How Do People Affect Zoonotic Disease Dynamics in Madagascar? (2018-2019)


This project will investigate the links between biodiversity, infectious disease and human health in a rural community in Madagascar. Research has documented conflicting associations between land use change and infectious disease risk, with some studies finding that deforestation increases disease risk for humans, while other studies find the opposite pattern. It is critically important to make sense of these conflicting patterns. One approach is to design studies that elucidate the mechanisms that drive associations between land use change and infectious disease risk for humans. One such mechanism is that deforestation alters wildlife communities by reducing habitat for native species and introducing invasive species, thus changing the disease dynamics of biological systems. The specific effects of human activities on disease, however, depend on the intensity of land use, the original biodiversity and other factors.

Project Description

This Bass Connections project will investigate how human land-use decisions affect the small mammal community and disease transmission around the Marojejy national park. Human subsistence activities and population growth are encroaching on the protected rainforest in the area. The project team will synthesize evidence on how human activities influence infectious disease risk globally, collect new data on infectious diseases in humans, domesticated animals and wild mammals and identify policy actions that reduce disease risk and conserve biodiversity.

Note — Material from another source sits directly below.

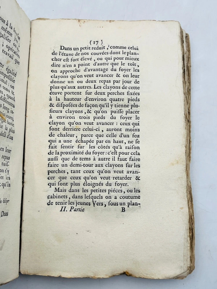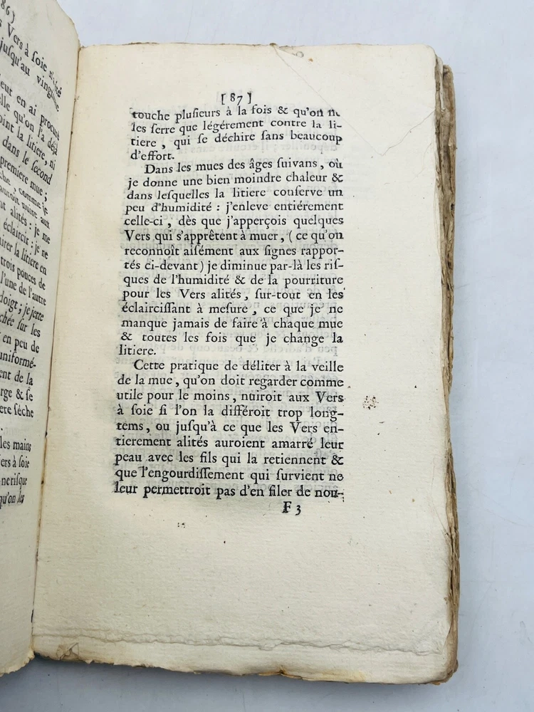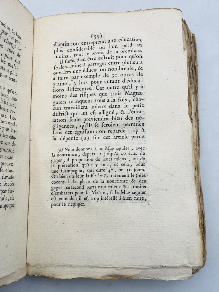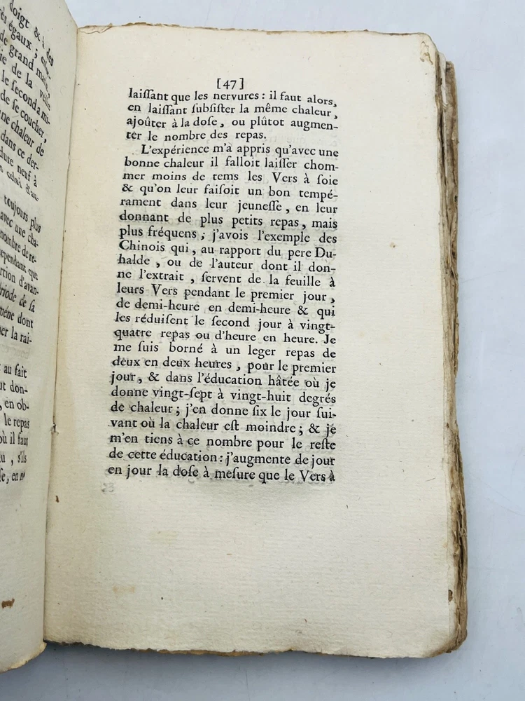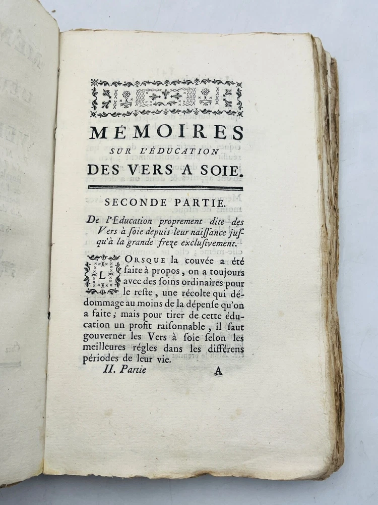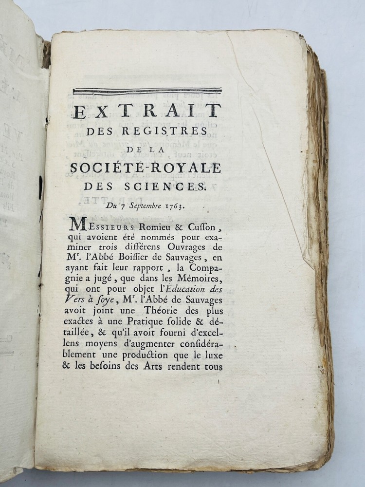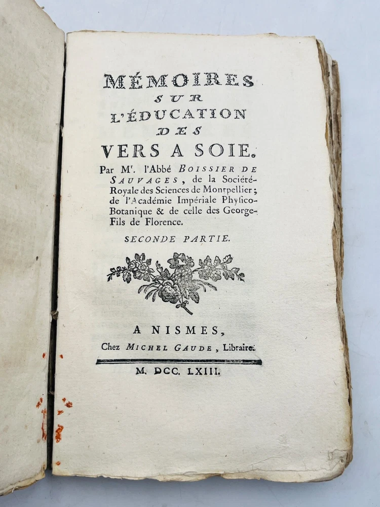 Mémoires sur l’éducation des vers à soie. Par M. l’abbé Boissier de Sauvages , de la Société Royale des Sciences de Montpellier ; de l’Académie Impériale Physico-Botanique & de celle des George-Fils de Florence. Première partie. À Nismes, Chez Michel Gaude , Libraire. M. DCC. LXIII. Edition originale imprimée à Nîmes en 1763, cet ouvrage de l’abbé Boissier de Sauvages, éminent membre des sociétés savantes de Montpellier et de Florence, constitue une contribution pionnière à la sériciculture. L’auteur y expose avec rigueur les méthodes d’élevage des vers à soie, abordant les conditions optimales d’élevage, l’alimentation, ainsi que la prévention des maladies. L’exemplaire présenté est conservé dans sa brochure d’origine, en papier dominoté bleu, très représentatif des productions provinciales de l’Ancien Régime. L’ouvrage est imprimé avec soin par Michel Gaude, libraire nîmois actif au milieu du XVIIIe siècle. D12

In Madagascar, the team will test specific hypotheses for how land-use decisions alter ecological communities and influence disease transmission. Team members will assess the factors that lead some humans to experience greater risk of acquiring infectious diseases from wild animals. The team will answer the following questions: What are the impacts of protected areas on disease mitigation as an ecosystem service? How do different types of land use influence small mammal communities and inferred transmission pathways? Do socioeconomic factors influence which people are at greatest risk of acquiring infectious diseases from wildlife? 

Anticipated Outcomes

Two publications (one original research article and one review) with graduate and undergraduate students as co-authors; individual honors and master’s theses on research results; data for future grant submissions

Student Opportunities

Students will have the opportunity to experience life in a low-resource setting and directly engage with the realities and policy challenges of improving global health and conserving biodiversity. Students will also learn theory in ecology, evolutionary anthropology, disease ecology, epidemiology, conservation policy and practice and ecosystem services. In the field, students will learn to design and conduct ecological and social science research. They will engage with the local rural communities, informing residents about the project, advising on general health guidelines and learning about local culture and ecology. Opportunities for training in statistical analysis and informatics, research presentation and writing will expand the career development aspects of this project for the early-career researchers.

The team will consist of two undergraduates, one master’s student and one Ph.D. student from Duke, and one master’s student from the University of Antananarivo in Madagascar. Duke students will likely come from the departments of evolutionary anthropology, biology, global health or environmental sciences. Students with a desire to pursue field biology, disease ecology and natural resource management and policy are especially encouraged to apply.

Students will be evaluated based on their participation on campus. In the field, students will be evaluated on their daily participation in research objectives.

This project is pre-approved to meet the Global Health major’s Experiential Learning Activity requirement.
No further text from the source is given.